## SUPPLIED MATERIAL:
>>>>>
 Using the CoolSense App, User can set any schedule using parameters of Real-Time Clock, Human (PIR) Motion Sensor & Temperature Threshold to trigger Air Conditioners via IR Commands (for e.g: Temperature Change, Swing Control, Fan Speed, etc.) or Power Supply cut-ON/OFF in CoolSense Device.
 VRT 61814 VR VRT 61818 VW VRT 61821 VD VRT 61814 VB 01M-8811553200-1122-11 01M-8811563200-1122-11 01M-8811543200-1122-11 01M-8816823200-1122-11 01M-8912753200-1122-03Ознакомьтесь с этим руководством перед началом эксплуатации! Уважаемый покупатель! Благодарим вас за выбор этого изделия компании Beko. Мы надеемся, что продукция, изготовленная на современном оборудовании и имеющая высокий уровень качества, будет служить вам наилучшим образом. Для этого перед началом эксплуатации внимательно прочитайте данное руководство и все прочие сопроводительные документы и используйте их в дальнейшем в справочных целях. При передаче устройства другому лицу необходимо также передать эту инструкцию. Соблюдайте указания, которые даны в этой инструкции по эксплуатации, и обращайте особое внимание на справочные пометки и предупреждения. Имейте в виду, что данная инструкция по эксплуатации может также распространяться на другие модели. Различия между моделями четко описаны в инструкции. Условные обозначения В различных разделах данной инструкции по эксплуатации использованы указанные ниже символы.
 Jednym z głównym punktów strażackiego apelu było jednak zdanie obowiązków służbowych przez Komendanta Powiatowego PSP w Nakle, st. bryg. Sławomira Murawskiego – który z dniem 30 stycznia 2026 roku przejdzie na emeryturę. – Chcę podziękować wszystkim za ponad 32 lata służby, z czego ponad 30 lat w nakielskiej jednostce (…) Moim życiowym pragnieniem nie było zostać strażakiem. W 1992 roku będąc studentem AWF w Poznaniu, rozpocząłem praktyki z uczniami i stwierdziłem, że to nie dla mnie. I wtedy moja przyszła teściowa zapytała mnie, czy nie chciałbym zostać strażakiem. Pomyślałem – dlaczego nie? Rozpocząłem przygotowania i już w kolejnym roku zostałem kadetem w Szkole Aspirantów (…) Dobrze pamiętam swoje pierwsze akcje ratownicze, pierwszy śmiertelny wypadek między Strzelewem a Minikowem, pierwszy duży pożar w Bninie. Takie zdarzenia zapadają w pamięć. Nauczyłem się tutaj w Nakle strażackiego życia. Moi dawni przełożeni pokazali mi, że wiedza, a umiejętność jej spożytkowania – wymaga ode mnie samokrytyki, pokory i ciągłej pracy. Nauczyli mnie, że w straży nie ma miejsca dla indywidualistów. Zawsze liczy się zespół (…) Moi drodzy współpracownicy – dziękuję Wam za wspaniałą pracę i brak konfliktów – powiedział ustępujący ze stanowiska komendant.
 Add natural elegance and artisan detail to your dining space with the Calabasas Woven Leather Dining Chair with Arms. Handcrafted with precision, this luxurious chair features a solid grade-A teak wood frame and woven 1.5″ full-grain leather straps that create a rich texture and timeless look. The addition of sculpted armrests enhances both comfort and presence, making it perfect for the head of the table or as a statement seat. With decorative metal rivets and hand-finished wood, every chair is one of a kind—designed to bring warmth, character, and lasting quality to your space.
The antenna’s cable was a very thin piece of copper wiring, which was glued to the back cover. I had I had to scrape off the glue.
<<<<<
>>>>>
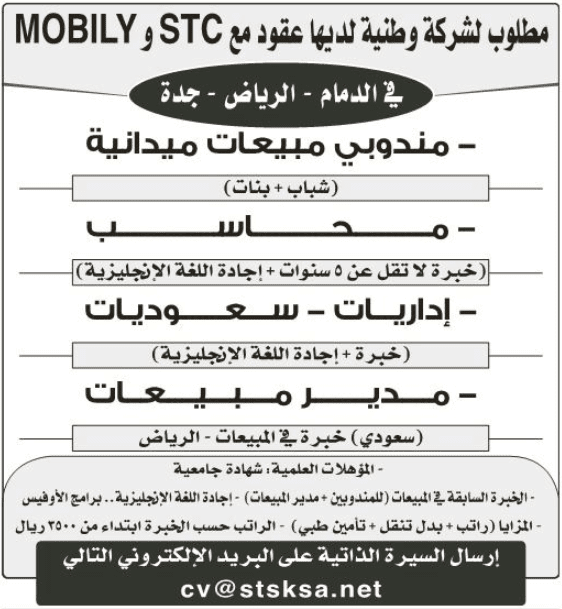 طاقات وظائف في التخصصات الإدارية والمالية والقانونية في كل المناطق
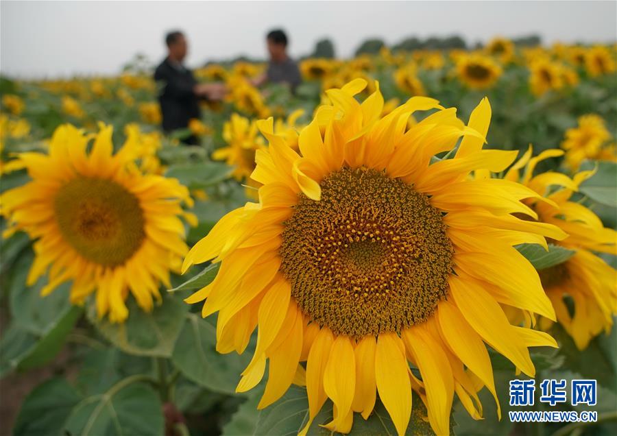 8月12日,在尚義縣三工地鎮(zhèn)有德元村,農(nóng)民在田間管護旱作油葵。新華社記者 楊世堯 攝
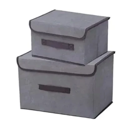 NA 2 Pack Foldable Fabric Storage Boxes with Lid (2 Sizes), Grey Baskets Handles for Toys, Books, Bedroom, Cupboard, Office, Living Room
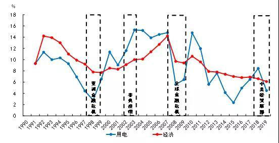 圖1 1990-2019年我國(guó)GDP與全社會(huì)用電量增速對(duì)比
<<<<<
>>>>>
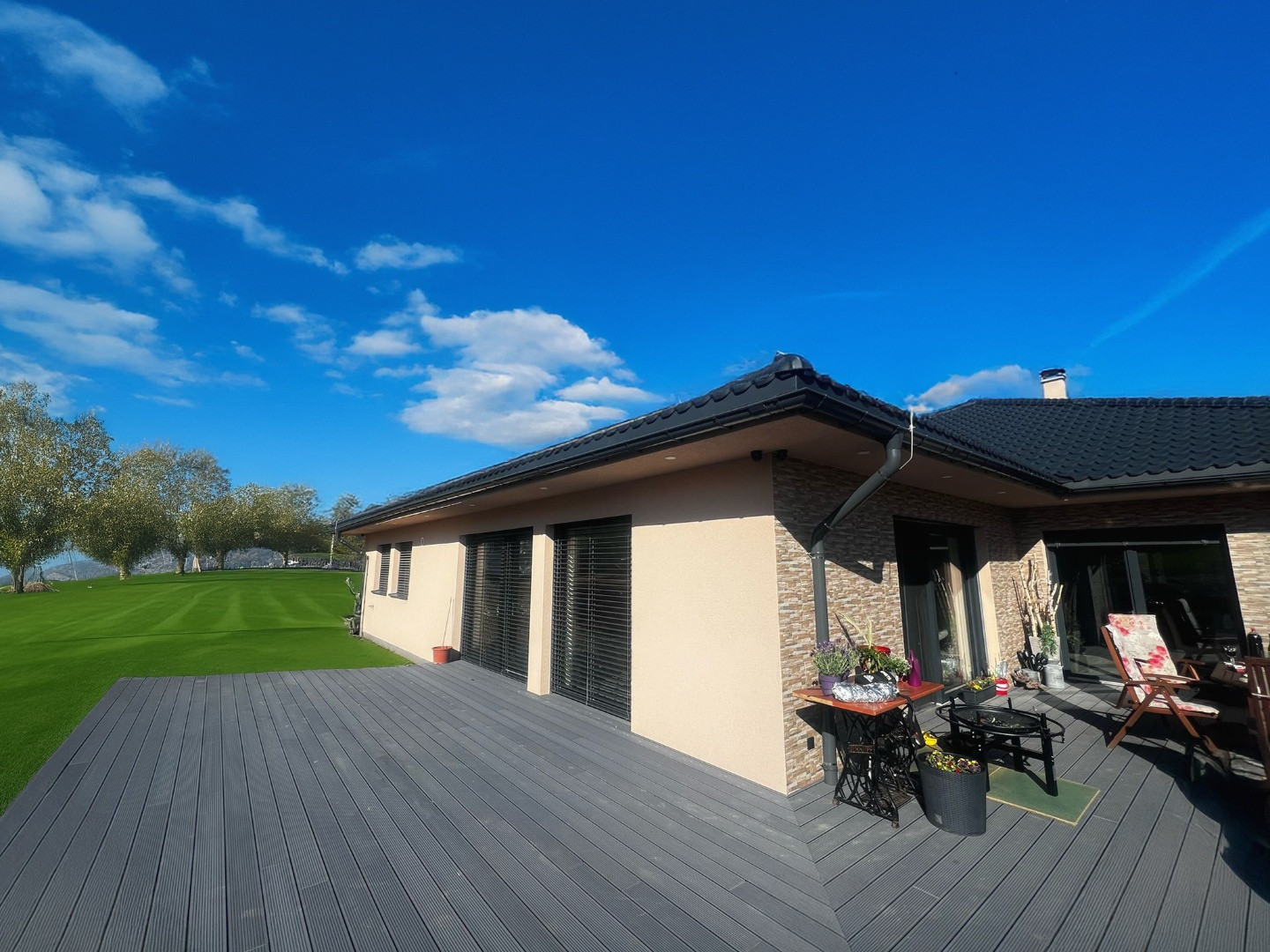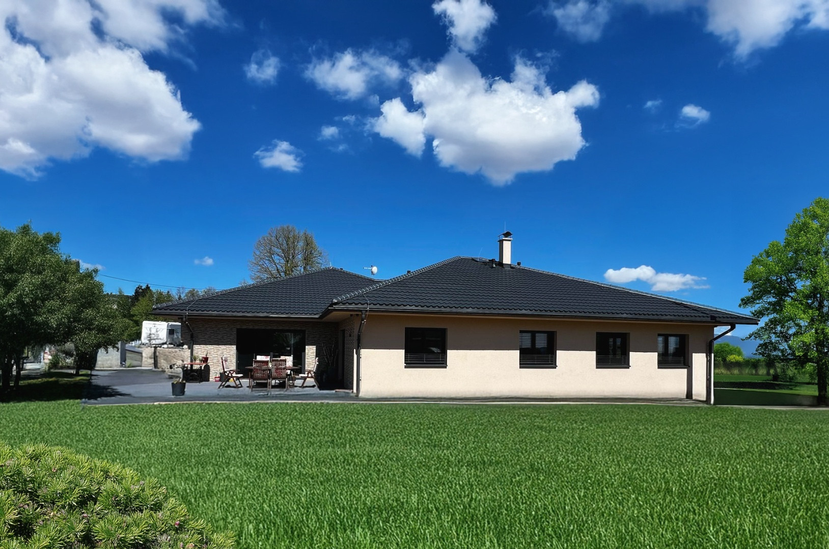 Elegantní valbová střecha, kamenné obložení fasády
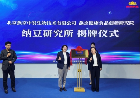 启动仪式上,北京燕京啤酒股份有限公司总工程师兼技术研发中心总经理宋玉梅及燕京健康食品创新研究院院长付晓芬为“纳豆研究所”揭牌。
<<<<<
## TASK STATEMENT:
The response must repeat exactly the lines above from the one with "Elegantní valbová střecha, kamenné" through the one with "启动仪式上,北京燕京啤酒股份", including both, and must contain no pictures and no other text.

## EXERCISE RESULT:
 Elegantní valbová střecha, kamenné obložení fasády
 启动仪式上,北京燕京啤酒股份有限公司总工程师兼技术研发中心总经理宋玉梅及燕京健康食品创新研究院院长付晓芬为“纳豆研究所”揭牌。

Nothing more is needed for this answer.